Gavin Grimm is the high school student who sued his Virginia school district based on the transgender use of bathrooms. The United States Supreme Court announced this week that, instead of ruling on the case, it will send it back to the Fourth Circuit. The SCT’s reasoning: the Fourth Circuit based its ruling on guidance which was issued by the Obama administration clarifying Title IX protections for transgender students.
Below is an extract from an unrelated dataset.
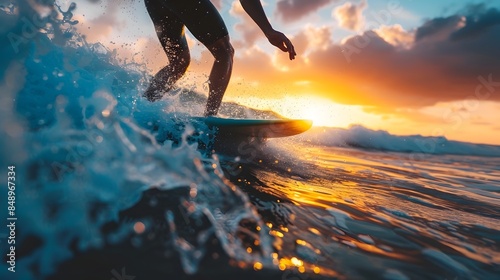 surfer, surfboard, wave, sunrise, ocean, water, sea, sky, sun, splashing, motion, energy, thrill, adventure, recreation, sport, outdoors, nature, landscape, coastal, tropical, blue, orange, dynamic, action, movement, adrenalin, freedom, harmony, solitude, challenge, passion, pursuit, balance, grace, rythm, connection, calmness, rejuvenation, transformation, awakening, hugs, optimism

On February 22, the Trump administration rescinded that guidance. The administration revoked federal guidelines specifying that transgender students have the right to use public school restrooms that match their gender identity. The Education and Justice Departments were notified that the administration is ordering schools to disregard memos issued relative to transgender student rights. The “Dear Colleague” letter, which is the method by which the executive branch sends out “memos”, does not offer any guidance but says that earlier guidance lacked extensive legal analysis, did not go through a public vetting process, sowed confusion and drew legal challenges.
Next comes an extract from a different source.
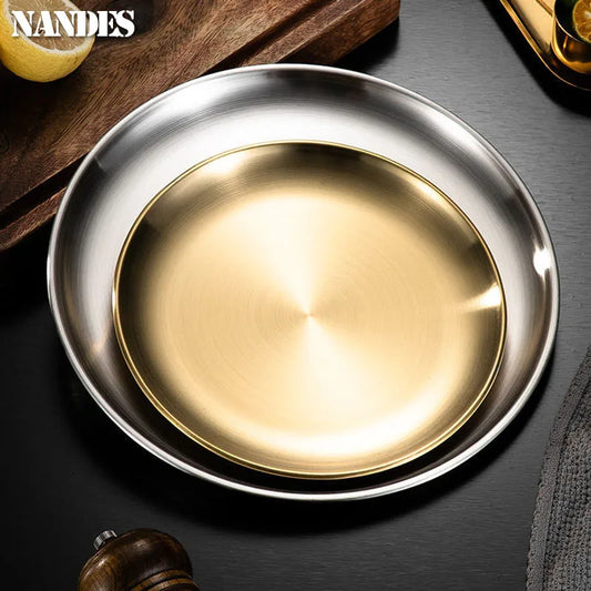 4Pcs Round Golden Plate Rust-Proof Stainless Steels Shallow Tray Plate 20/23/26/30cm Camping Plate BBQ Picnic Dishes Cookware
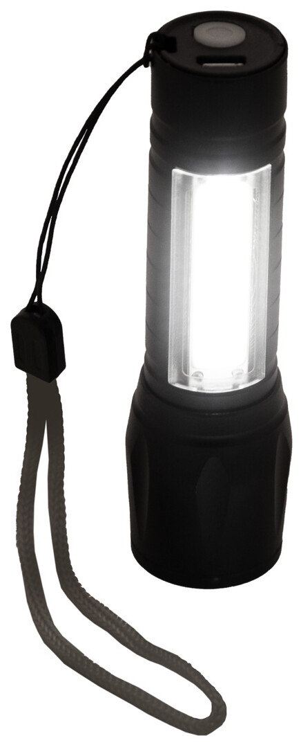 Hliníková baterka s vestavěnou USB dobíjecí baterií (400 mAh) a popruhem na přenášení. Se zoomovatelným vysoce výkonným COB světlem u písma a COB světlometem na boku. S pevným a blikajícím režimem světla. Včetně USB nabíjecího kabelu.

The administration said that it wants to “further and more completely consider the legal issues involved” and that any guidance must include “due regard for the primary role of the State and local school districts in establishing educational policy.”
So the Fourth Circuit is back in business on this transgender case, as well as other transgender student cases that are moving through the lower courts. The Seventh Circuit will hear a case wherein Ash Whitaker, a Wisconsin student, is requesting relief, on March 29th. Both Ohio and Pennsylvania courts have held that while the litigation is working its way through the courts, transgender students must allowed to use the facilities of their choice.
We will continue to watch these cases.